Comment by zestyping
9 days ago
> This is incredible. Government telling me how to backup my data. Incredible.
No more incredible than the government telling you that you need liability insurance in order to drive a car. Do you think that is justifiable?
The difference is that you cannot choose who you're sharing a road with while you can usually choose your IT service providers. You could, for instance, choose a cheaper provider and make your own backups or simply accept that you could lose your data.
Where people have little or no choice (e.g government agencies, telecoms, internet access providers, credit agencies, etc) or where the blast radius is exceptionally wide, I do find it justifiable to mandate safety and security standards.
> you cannot choose who you're sharing a road with while you can usually choose your IT service providers
You can choose where to eat, but the gov still carrier out food heath and safety inspections. The reason is that it isn't easy for customers to observe these things otherwise. I think the same applies to corporate data handling & storage.
It's a matter of balance. Food safety is potentially about life and death. Backups not so much (except in very specific cases where data regulation is absolutely justifiable).
If any legislation is passed regarding data, I would prefer a broader rule that covers backup as well as interoperability/portability.
Losing data is mostly(*) fine if you are a small business. If a major bank loses it's data it is a major problem as it may impact a huge number of customers and an existential way, when all money is "gone"

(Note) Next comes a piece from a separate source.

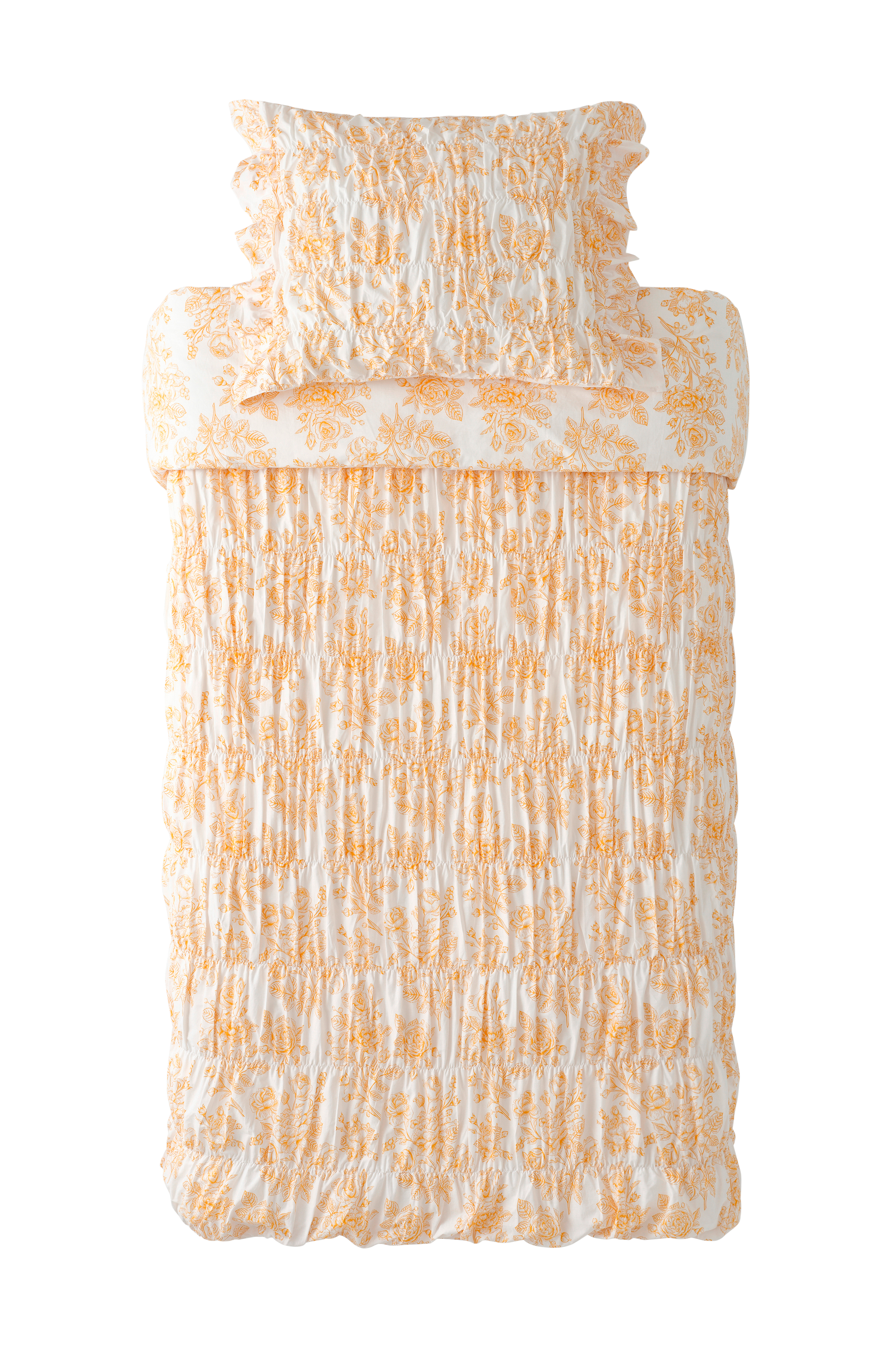 Rynkningen drar även ihop täcket inuti lakanet.

(*) From state's perspective there is still a problem: tax audits, bad if everybody avoids them by "accidental" data loss
As I said, a wide blast radius is a justification and banks are already regulated accordingly. A general obligation to keep financial records exists as well.
> liability insurance in order to drive a car. Do you think that is justifiable?
New Zealand doesn't require car insurance, and I presume there are other countries with governments that that don't either.
I suspect most people in NZ would only have a sketchy idea of what liability is, based on learning from US TV shows.
It seems New Zealand is one of very few countries where that is the case, and that's because you guys have a government scheme that provides equivalent coverage for personal injury without being a form of insurance (ACC). As far as I understand, part of the registration fees you pay go to ACC. I would argue this is basically a mandatory insurance system with another name.
Australia is the same. Its part of the car registration cost annually.